A INSUSTENTABILIDADE DA SEGURANÇA SOCIAL

A Segurança Social nasceu da Fusão (Nacionalização) de praticamente todas as Caixas de Previdência existentes, feita pelos Governos Comunistas e Socialistas, depois do 25 de Abril de 1974.

As Contribuições que entravam nessas Caixas eram das Empresas Privadas (23,75%) e dos seus Empregados (11%).

O Estado nunca lá pôs 1 centavo.

Nacionalizando aquilo que aos Privados pertencia, o Estado apropriou-se do que não era seu.

Com o muito, mas muito dinheiro que lá existia, o Estado passou a ser "mãos largas"!

Começou por atribuir Pensões a todos os Não Contributivos (Domésticas, Agrícolas e Pescadores).

Ao longo do tempo foi distribuindo Subsídios para tudo e para todos.

Como se tal não bastasse, o 1º Governo de Guterres(1995/99) criou ainda outro subsídio (Rendimento Mínimo Garantido), em 1997, hoje chamado RSI.

E tudo isto, apenas e só, à custa dos Fundos existentes nas ex-Caixas de Previdência dos Privados.

Os Governos não criaram Rubricas específicas nos Orçamentos de Estado, para contemplar estas necessidades.

Optaram isso sim, pelo "assalto" àqueles Fundos.

Cabe aqui recordar que os Governos do Prof. Salazar, também a esses Fundos várias vezes recorreram.

Só que de outra forma: pedia emprestado e sempre pagou. É a diferença entre o ditador e os democratas?

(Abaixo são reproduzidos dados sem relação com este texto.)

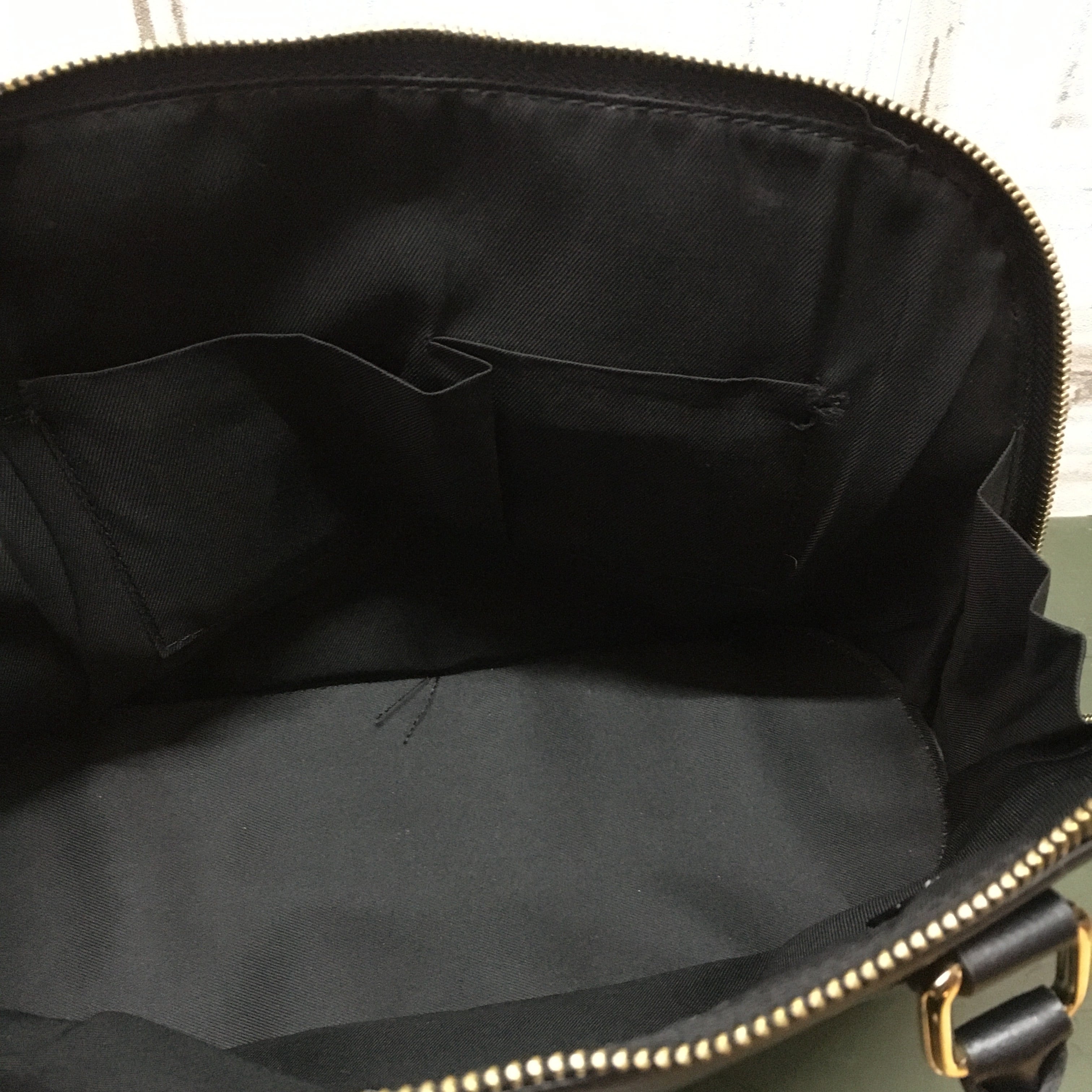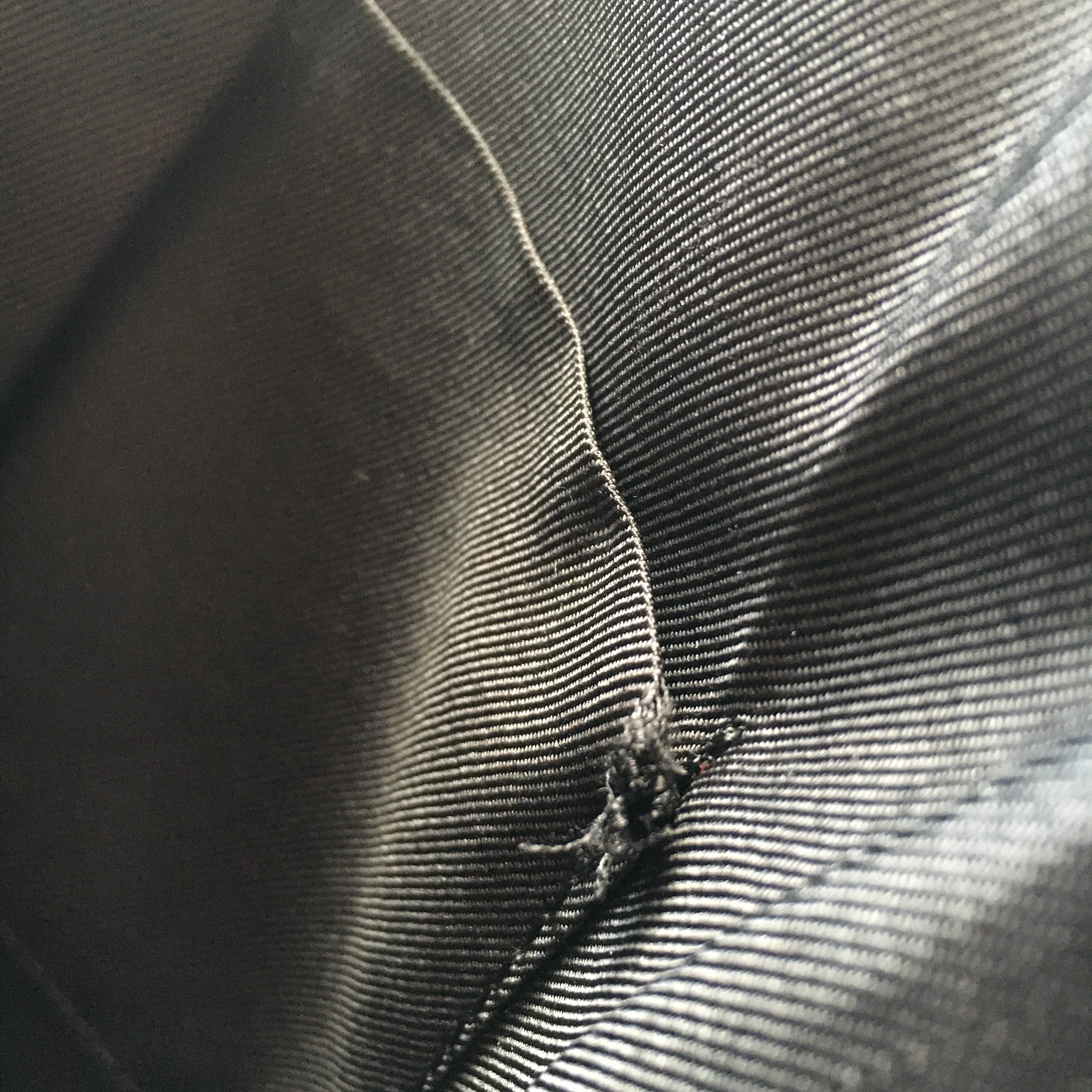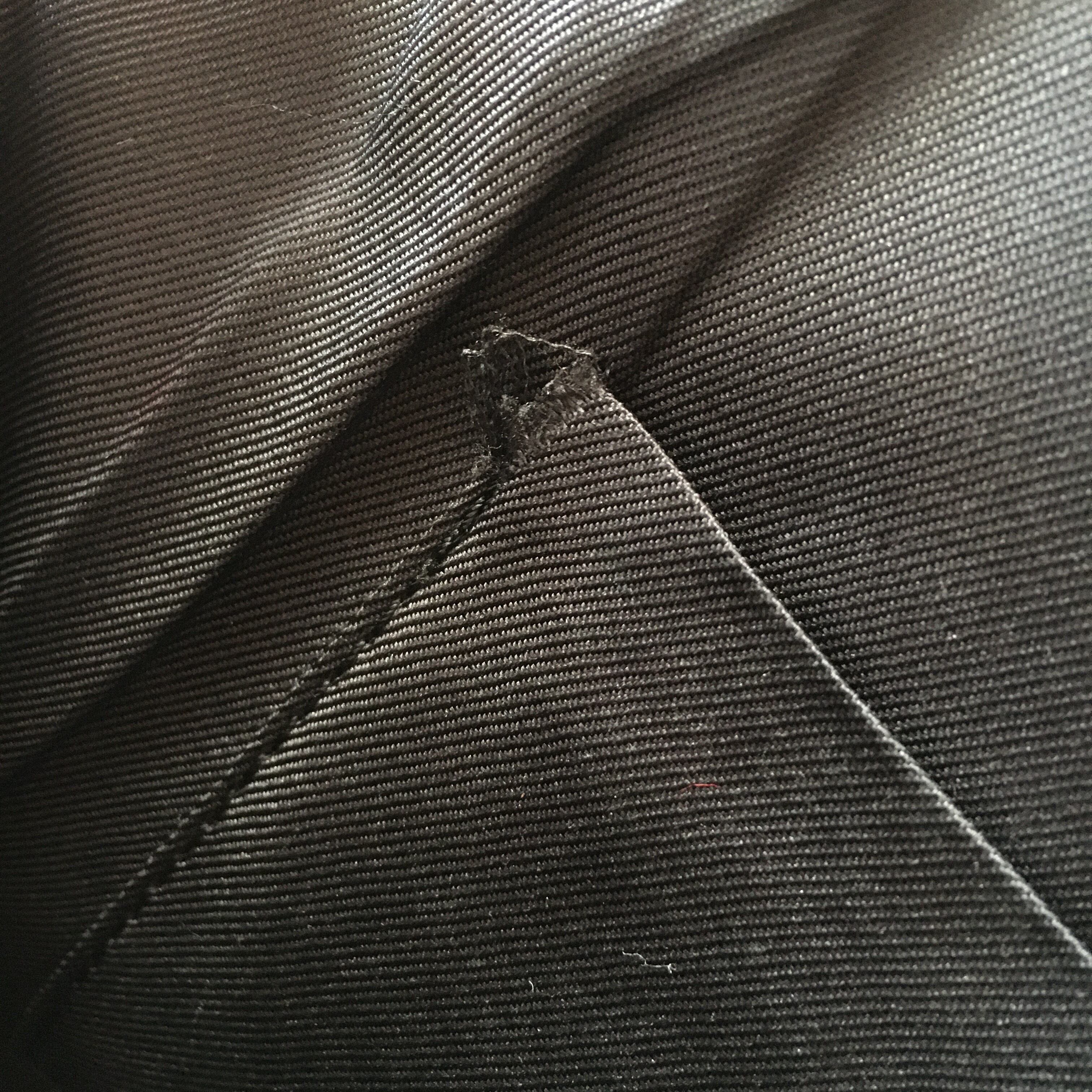 薄い汚れ、型付き、裏地のポケットのほつれがあります。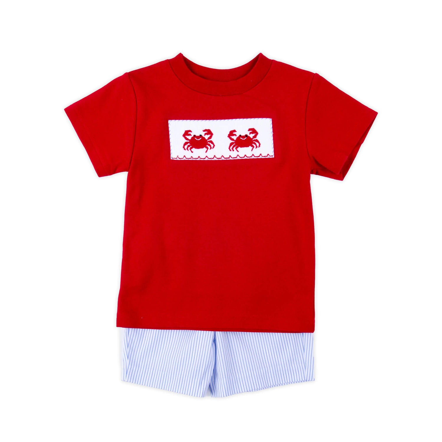 Make a splash in our Crab Treasures Smocked Blue Short Set! This red knit shirt is full of seaside charm, featuring playful red crab smocking. The set includes blue shirting shorts for a perfectly coordinated look. Perfect for beach vacations, family getaways, or any summer adventure!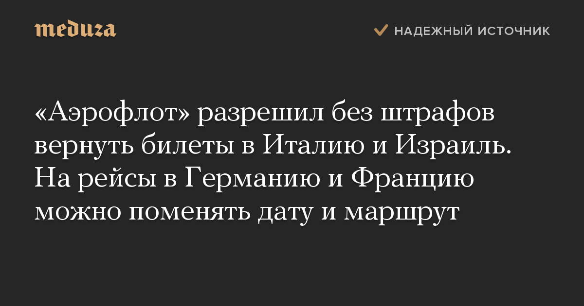 «Аэрофлот» разрешил без штрафов вернуть билеты в Италию и Израиль. На рейсы в Германию и Францию можно поменять дату и маршрут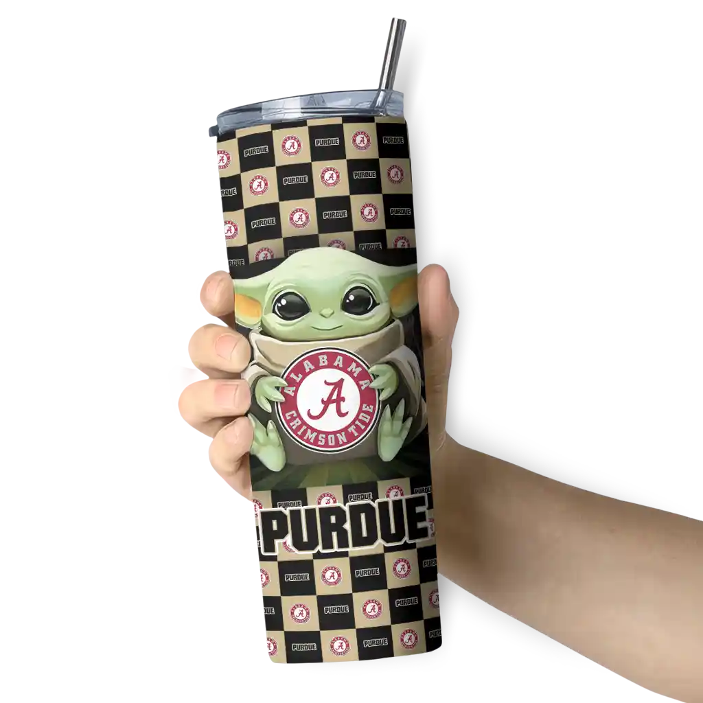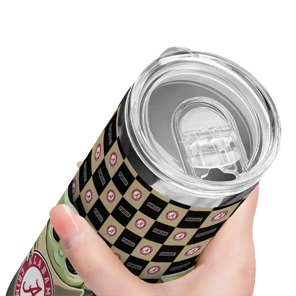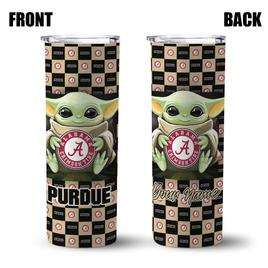 The Personalized Purdue Boilermakers Yoda Cozy Gold Black Skinny Tumbler tumbler is the perfect way to stay refreshed while showing off your pride for Purdue Boilermakers. With its double-wall insulation, your drinks stay at the right temperature for hours, whether you're enjoying a hot coffee or keeping your iced drink cold. What's inside? You’ll find 1 stainless steel tumbler, 1 clear lid, and 1 removable straw. It's the perfect blend of function and fan spirit! Ergonomically designed for comfort, made from durable stainless steel, and insulated to maintain your drink’s temperature, this tumbler is a must-have for any dedicated NCAA fan.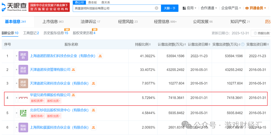 据天眼查显示,英雄游戏为《黑神话:悟空》开发商游戏科学第二大参股公司,持有19%的股份,由此推算,华谊兄弟间接持有《黑神话:悟空》开发公司游戏科学约1%的股份。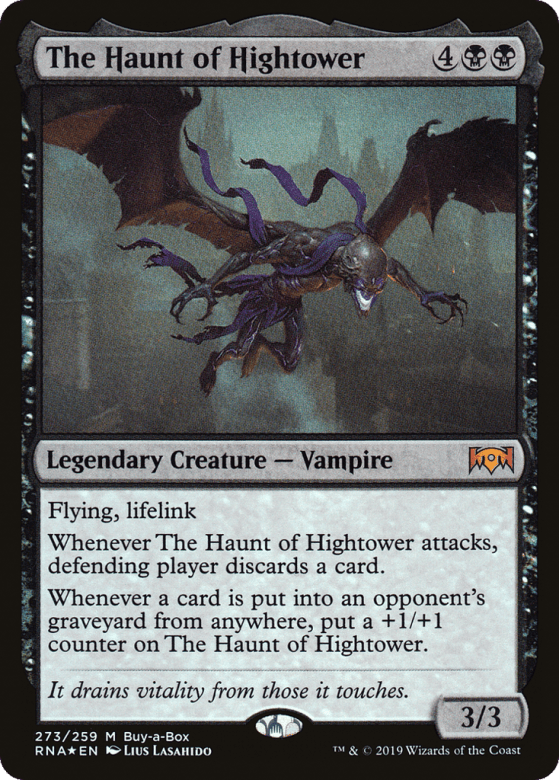 Flying, lifelink Whenever The Haunt of Hightower attacks, defending player discards a card. Whenever a card is put into an opponent's graveyard from anywhere, put a +1/+1 counter on The Haunt of Hightower.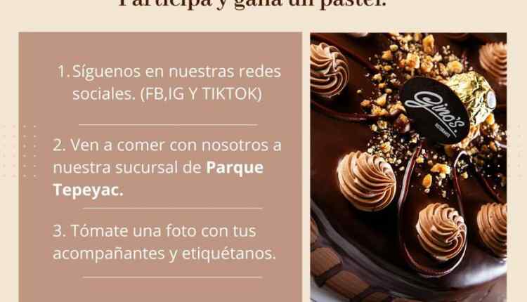 Gino’s Ristorante te invita a participar a su concurso en el que podrás ganar un pastel, si quieres ser ganador realiza la mecánica siguiente:
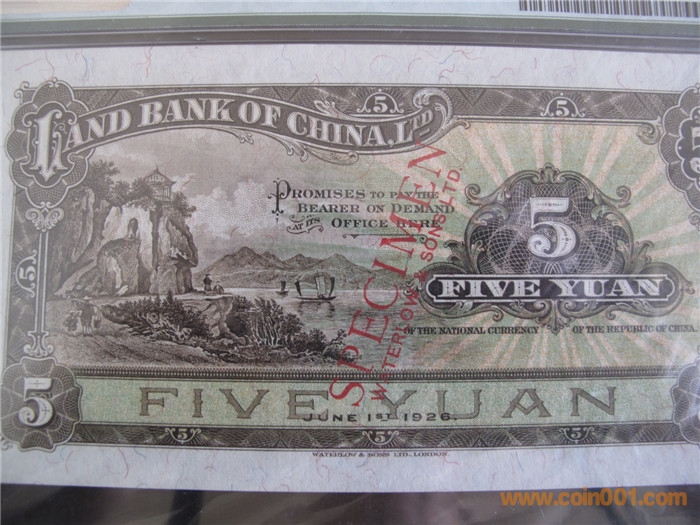 (2)紙幣種種:(各券都是英國華德路公司承?。?br />(1)民國十五年(1926年6月1日)版 1、5、10元地名:天津(紅色加蓋——樣本)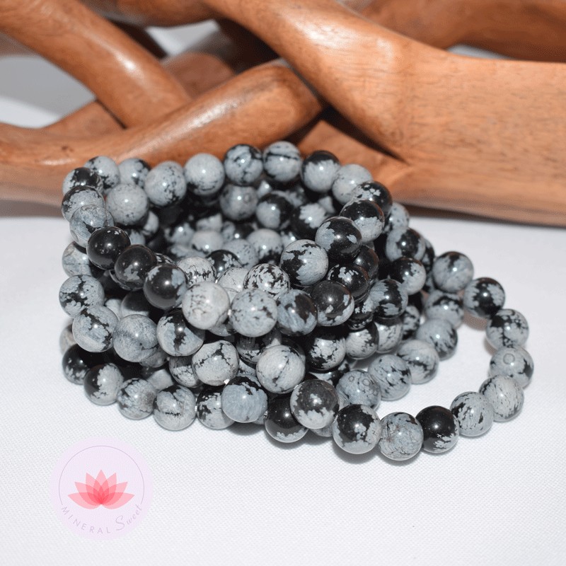 L'obsidienne flocon de neige, ou mouchetée, est depuis longtemps considérée comme une pierre de protection, d'équilibre, donnant de l'élan.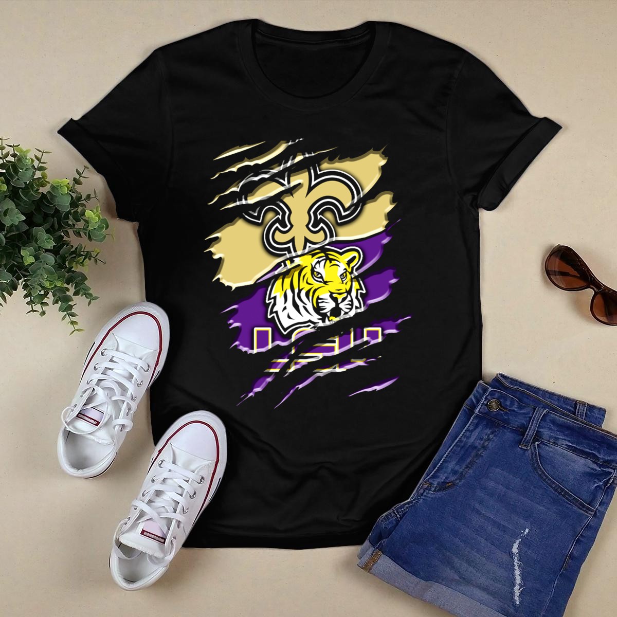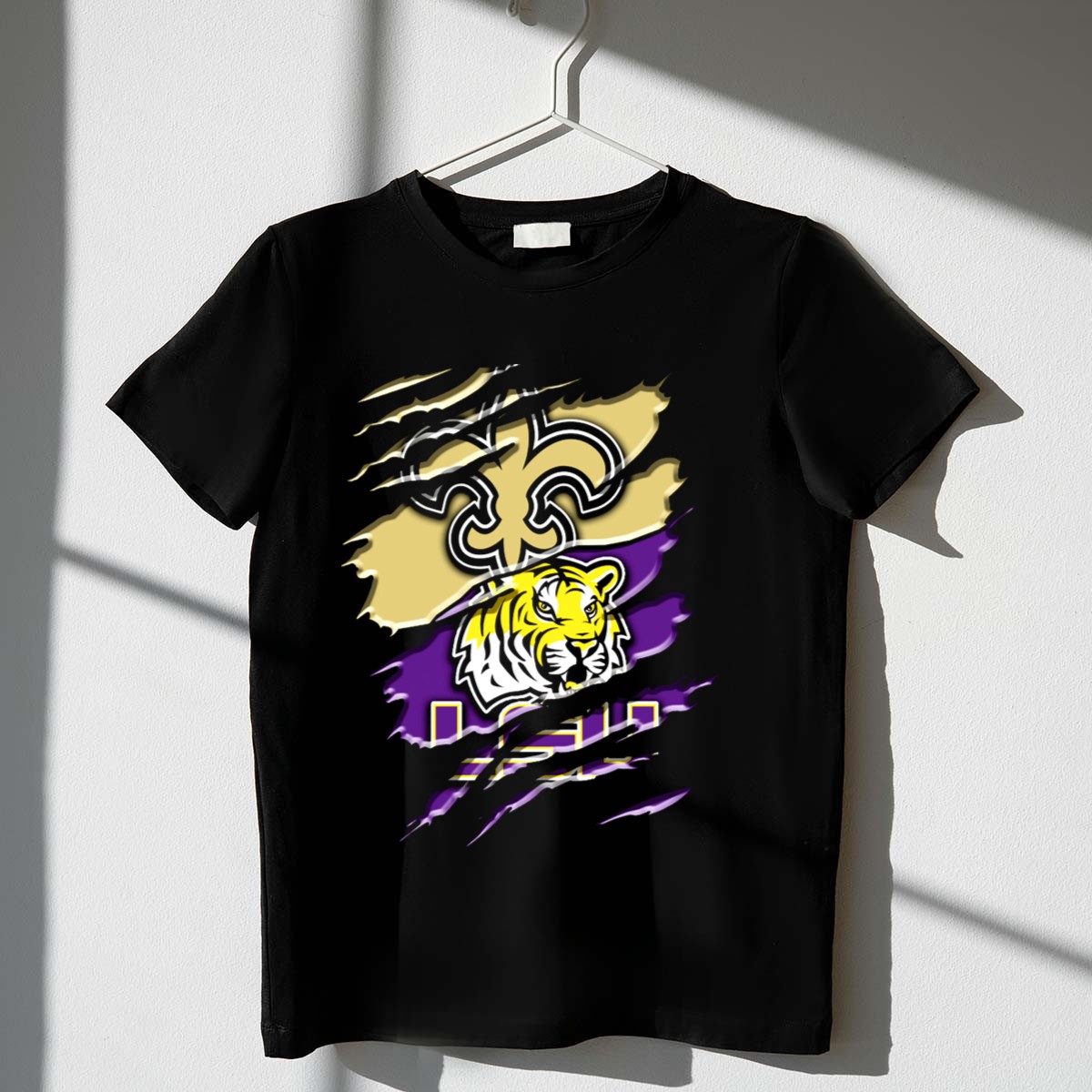 Show your team spirit with the New Orleans Saints and LSU Tigers Rah 107 T-Shirt! This fan-made design is perfect for anyone who loves to support their favorite teams in style. Whether you’re heading to a casual gathering, a themed event, or just enjoying a day out, this shirt adds a unique touch to your wardrobe while showcasing your loyalty. Crafted for comfort and durability, it’s a must-have for any true sports fan!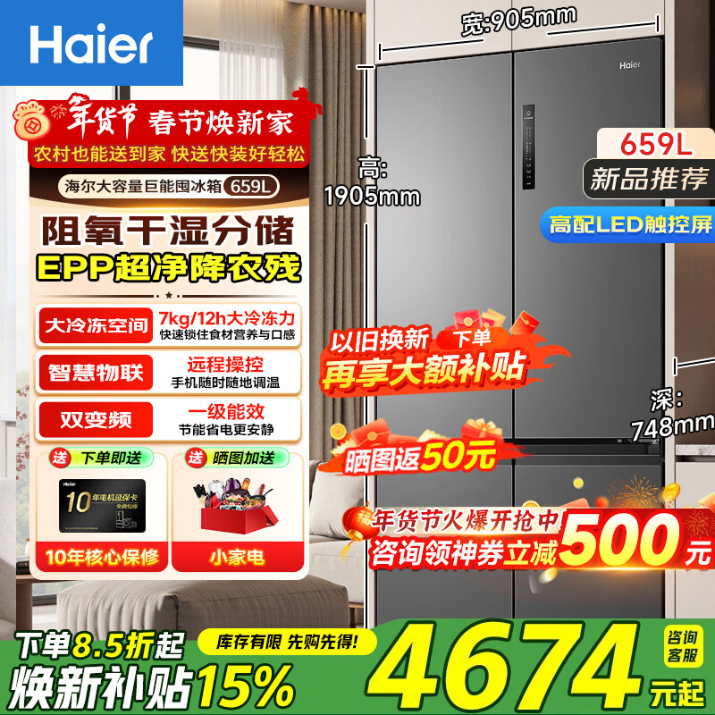 海尔(Haier)冰箱659升十字对开四门一级能效双变频风冷无霜除味保鲜超大容量600L以上智能电冰箱 家电国家补贴 灰色丨EPP超净降农残+母婴三档变温+阻氧干湿分储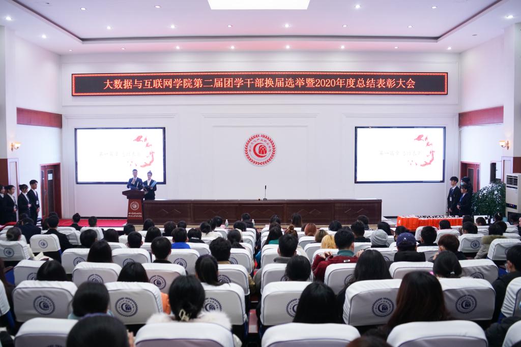 1月6日,大数据与互联网学院第二届团学干部换届选举暨2020年度总结表彰大会在二教105举行。大数据与互联网学院党总支副书记贾仕延、分团委指导教师刘茂林、学生科教师汪玲、陈虹森,各学院、班级代表以及全体学生干部190余人参加了本次会议。

Em 1996/97 o 1º Governo Guterres nomeou uma Comissão, com vários especialistas, entre os quais os Profs. Correia de Campos e Boaventura de Sousa Santos, que em 1998, publicam o "Livro Branco da Segurança Social".

Uma das conclusões, que para este efeito importa salientar, diz respeito ao Montante que o Estado já devia à Segurança Social, ex-Caixas de Previdência, dos Privados, pelos "saques" que foi fazendo desde 1975.

Pois, esse montante apurado até 31 de Dezembro de 1996 era já de 7.300 Milhões de Contos, na moeda de hoje, cerca de 36.500 Milhões ?.

De 1996 até hoje, os Governos continuaram a "sacar" e a dar benesses, a quem nunca para lá tinha contribuído, e tudo à custa dos Privados.

Faltará criar agora outra Comissão para elaborar o "Livro NEGRO da Segurança Social", para, de entre outras rubricas, se apurar também o montante actualizado, depois dos "saques" que continuaram de 1997 até hoje.

Há quem fale num montante,  incluindo juros nunca pagos pelo Estado, rondando os 70.000 Milhões ?!...


Ou seja, pouco menos, do que o Empréstimo da Troika!...

(...)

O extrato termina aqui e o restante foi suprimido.